### [Information]
• • • • • • •
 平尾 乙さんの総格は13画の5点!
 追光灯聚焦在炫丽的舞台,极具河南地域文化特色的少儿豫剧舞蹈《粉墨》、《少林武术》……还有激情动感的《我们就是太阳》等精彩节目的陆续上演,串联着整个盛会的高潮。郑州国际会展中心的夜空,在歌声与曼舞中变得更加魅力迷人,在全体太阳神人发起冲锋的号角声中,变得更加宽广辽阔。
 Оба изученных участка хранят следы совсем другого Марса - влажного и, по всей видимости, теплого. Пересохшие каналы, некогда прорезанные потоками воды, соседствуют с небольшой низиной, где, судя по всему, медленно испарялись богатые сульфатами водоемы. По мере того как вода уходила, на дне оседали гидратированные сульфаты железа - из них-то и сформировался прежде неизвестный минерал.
• • • • • • •
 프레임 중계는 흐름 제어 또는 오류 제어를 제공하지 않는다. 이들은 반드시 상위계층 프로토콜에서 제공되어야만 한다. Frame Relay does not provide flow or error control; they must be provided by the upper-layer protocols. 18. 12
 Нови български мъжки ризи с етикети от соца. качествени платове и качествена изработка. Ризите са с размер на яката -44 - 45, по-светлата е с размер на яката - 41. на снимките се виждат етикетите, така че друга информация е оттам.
• • • • • • •
### [Problem details]
From the line holding "平尾 乙さんの総格は13画の5点!" to the line holding "Оба изученных участка", inclusive, restate each line above exactly as written.

### [Output for this task]
 平尾 乙さんの総格は13画の5点!
 追光灯聚焦在炫丽的舞台,极具河南地域文化特色的少儿豫剧舞蹈《粉墨》、《少林武术》……还有激情动感的《我们就是太阳》等精彩节目的陆续上演,串联着整个盛会的高潮。郑州国际会展中心的夜空,在歌声与曼舞中变得更加魅力迷人,在全体太阳神人发起冲锋的号角声中,变得更加宽广辽阔。
 Оба изученных участка хранят следы совсем другого Марса - влажного и, по всей видимости, теплого. Пересохшие каналы, некогда прорезанные потоками воды, соседствуют с небольшой низиной, где, судя по всему, медленно испарялись богатые сульфатами водоемы. По мере того как вода уходила, на дне оседали гидратированные сульфаты железа - из них-то и сформировался прежде неизвестный минерал.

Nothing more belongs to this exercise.